- Active: 1970–present
- Country: Soviet Union (1970–1991) Kazakhstan (1992–present)
- Branch: Soviet Army (1970–1991) Kazakh Ground Forces (1992–present)
- Type: Motorized infantry
- Garrison/HQ: Oskemen

= 4th Mechanized Brigade (Kazakhstan) =

The 4th Separate Mechanized Brigade named for Hero K. Kaysanov (4-шi жеке механикаландырылған бригадасы (4-ші жмехбр); Military Unit Number 27943) is a motorized infantry brigade of the Kazakh Ground Forces. It is currently based in Novo-Akhmirovo, a suburb of Oskemen. It is part of Kazakh Regional Command East. The brigade traces its origins back to the Soviet 155th Motor Rifle Division, formed in 1970 in Semipalatinsk. The 155th became the 5203rd Weapons and Equipment Storage Base in 1989. In 1993, the 5203rd Weapons and Equipment Storage Base became the 511th Motor Rifle Regiment. In 1996, it became the 4th Separate Motor Rifle Brigade. In 2004, it was renamed the 4th Mechanized Brigade.

== History ==
In April 1970, the 155th Motor Rifle Division was activated in Semipalatinsk, subordinated to the 1st Army Corps. On 24 September 1981, it became part of the 32nd Army. In 1984, elements of the division were used to activate the 71st Motor Rifle Division. The division was relocated to Ust-Kamenogorsk (now Oskemen) in the same year. During the Cold War, the division was maintained at 64% strength. It became part of the 1st Army Corps again on 1 March 1988. On 1 October 1989, it became the 5203rd Weapons and Equipment Storage Base. The base became part of the 40th Army on 4 June 1991. In March 1992, it was taken over by Kazakhstan.

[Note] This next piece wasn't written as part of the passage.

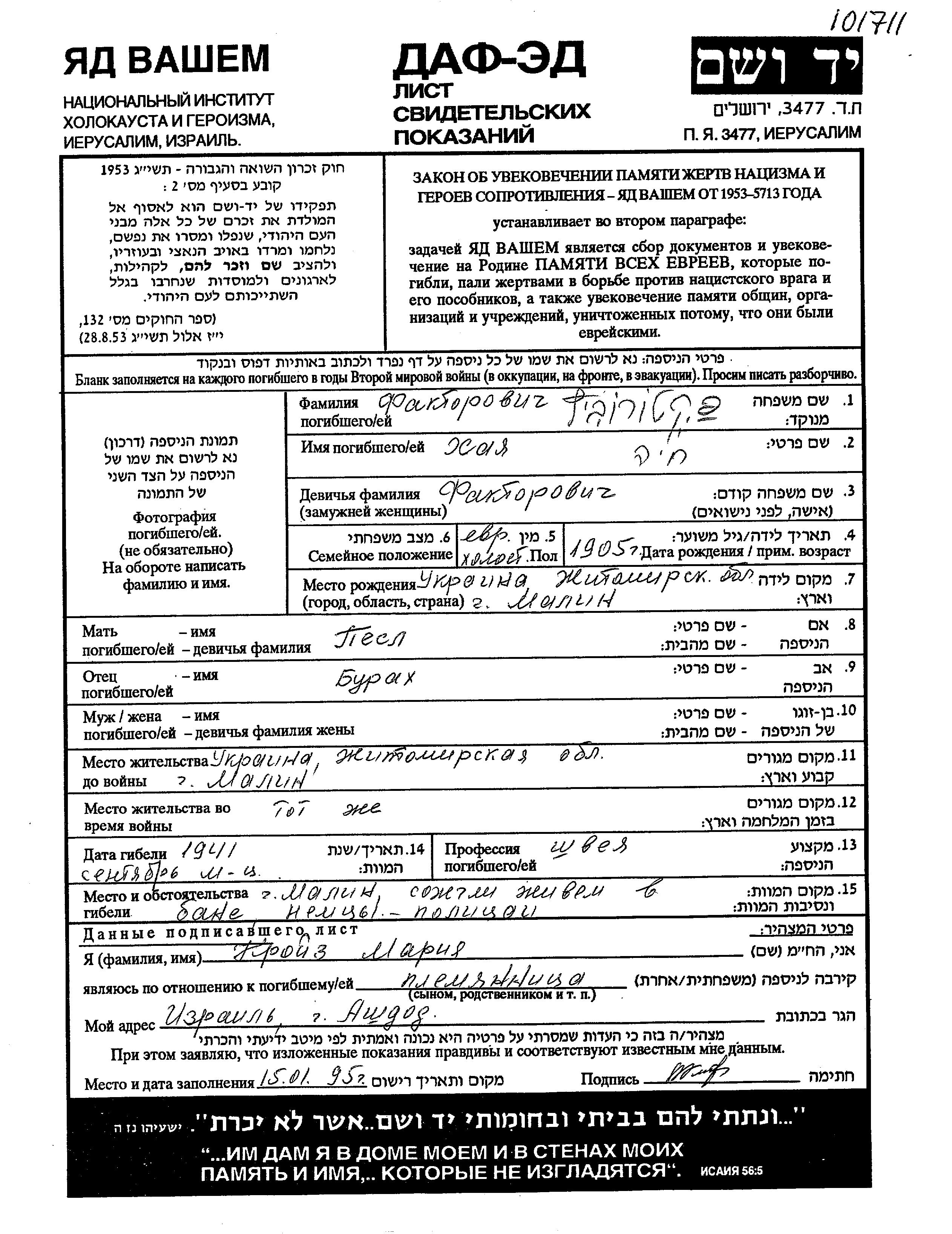 Khaia Faktorovich wurde im Jahr 1905 in Malin, Ukraine (UdSSR) geboren. Sie war die Tochter von Burakh und Pesl Pesel. Sie war Schneiderin und Ledig. Vor dem Zweiten Weltkrieg lebte sie in Malin, Ukraine (UdSSR). Während des Krieges war sie in Malin, Ukraine (UdSSR).

The equipment of the storage base was used to form a motor rifle regiment of the Kazakh Ground Forces on 26 April 1993 based in the village of Kalbatau, Zharma district. On 1 December 1998, the regiment was reorganized as the 4th Separate Motor Rifle Brigade. In accordance with a directive dated 28 November 2004, the brigade was redesignated as the 4th Separate Mechanized Brigade. It relocated to Novo-Akhmirovo in late 2004. The brigade is named for People's Hero of Kazakhstan Qasim Qaysenov. The 4th Separate Mechanized Brigade participated in Exercise "Tsentr-2008" with Russian troops.